A Grambling State spokesman did not immediately return a request for comment on these specific questions.
“For the survivor, it’s not just about the perpetrator,” said Brenda Tracy, a sexual assault survivor and founder of Set the Expectation, a nonprofit organization dedicated to ending sexual and interpersonal violence through prevention and advocacy work. “It’s about all the people that enable, it’s about all the people that dismiss, ignore, minimize, cover up. This is how these things continue to happen. If we continue to have cultures and people that enable this type of violence, it’s never going to stop. Ever.”
What feels different in this situation is not that Grambling State has given Briles another chance, as Scott said in defense of the hire. “I know a lot of things are said and done. We felt it [was appropriate] to give him a chance to really redeem himself after understanding where the facts lie,” Scott said.
All too many second chances have been given to men like Briles, and this return to the sport has been six years in the making, as Briles has pushed and prodded to get back into the college game since Baylor dismissed him. He had to settle for coaching American football in Italy in 2018, then coaching at Mount Vernon (Texas) High School in 2019 and 2020.
What feels different is the response. There was both internal and public outcry that followed similar attempts to hire Briles in both the Canadian Football League in 2017 and at Southern Miss in 2019, leading to Briles not getting those jobs. But the outcry this time around has not forced anyone at Grambling to do an about-face.
Take legendary alumnus Doug Williams, a two-time Black College Player of the Year, the first Black quarterback to start and win a Super Bowl and a former coach at his alma mater. His outrage clearly did nothing to deter those in charge of the hiring process. Williams said he had conversations with Scott and university president Rick Gallot before the hire was made.
“I’m having a problem with it because other schools would not bite on [hiring Briles], then he’s coming to a Black school like we’ll take him in,” Williams told ESPN NFL reporter John Keim. “I have a problem with it, a major problem with it. I can’t support it, that’s for sure. That hurt me to my core right there. … I know [late] coach [Eddie] Robinson is turning over right now.”

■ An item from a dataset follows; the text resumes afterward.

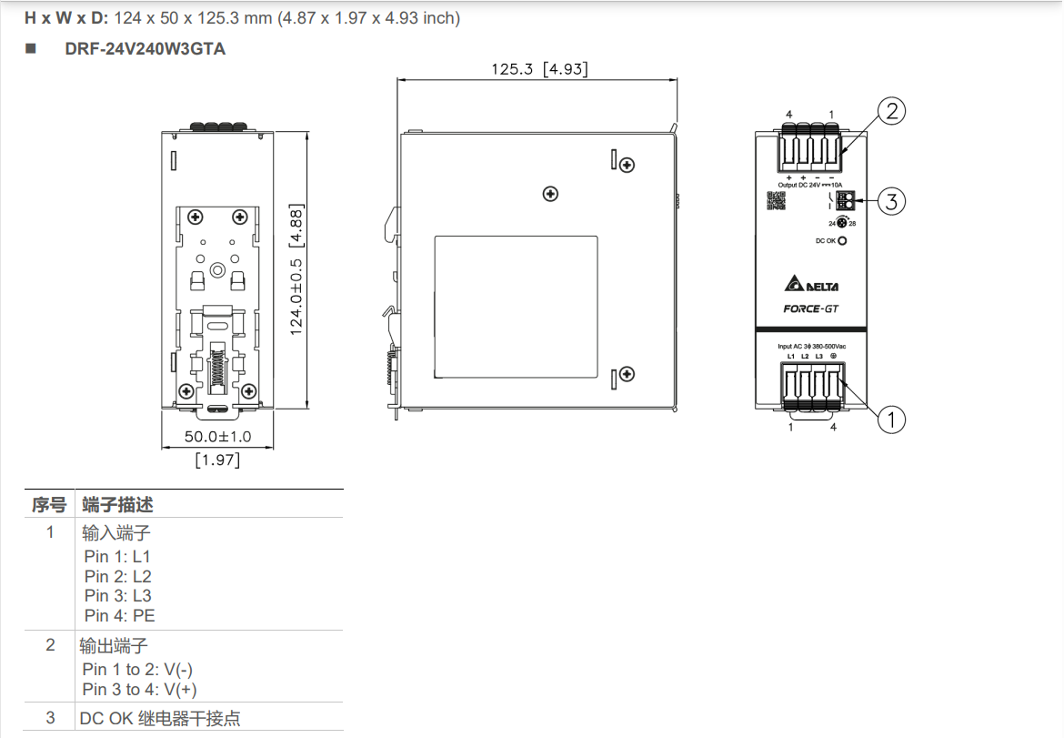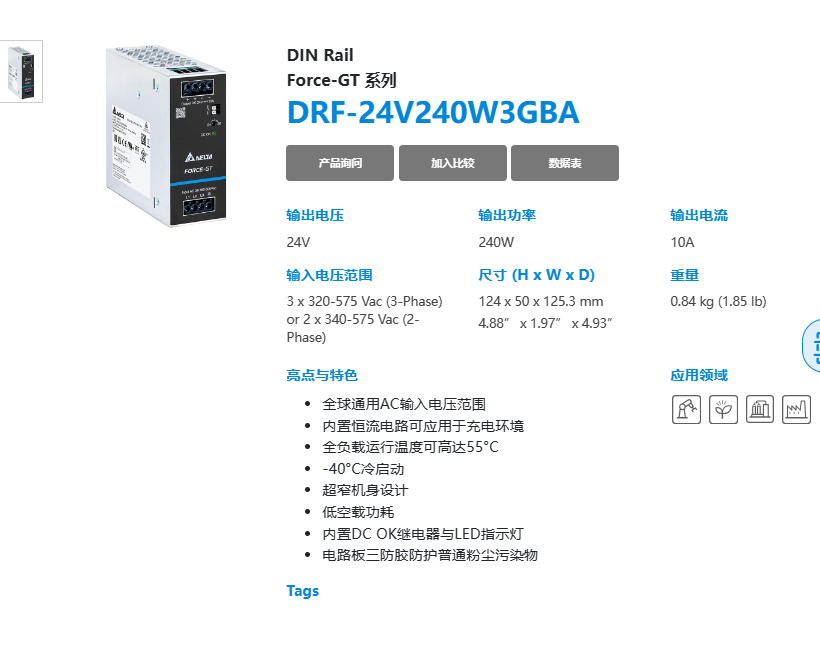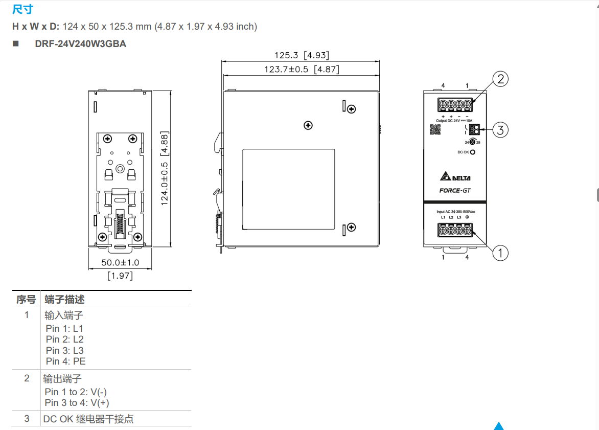 | 輸出 | DRF-24V120W3GBA | DRF-24V240W3GBA | DRF-24V480W3GBA | DRF-24V960W3GBA | |

What Eddie Robinson did in 55 seasons at Grambling goes beyond his record (408-165-15) or conference championships (17) or players who went on to play professionally (200-plus). His dedication to winning and developing his players the right way — with class, dignity and respect — made him more than a football coach. It made him a titan, revered and honored, with awards named for him and a museum on the Grambling campus in his honor.
The Football Writers Association of America annually selects the Eddie Robinson Coach of the Year. During the awards banquet last month, 2021 winner Cincinnati coach Luke Fickell spoke about why it was so meaningful to him to be connected with Robinson, specifically describing the way he seeks to positively impact his players as Robinson did.
“My main thing is preserving Eddie Robinson’s legacy, which started here at Grambling, and that weighs big with me at all times,” Robinson’s grandson, Eddie Robinson III, told ESPN on Friday. “I knew the talks were out there that they were going to see if Coach Briles had interest, but I never really thought we would actually do that. Once you weigh everything, that’s not the Grambling we all know. That’s not the legacy that Eddie Robinson built, that Doug Williams followed. How do you fathom that? I don’t have anything against Coach Briles. It’s just … we’re Grambling.”
Now, the same school Robinson so dutifully represented appears to be taking a far different path. In bringing Art Briles to campus, it is sending a message: If winning comes with a moral or ethical cost, so be it.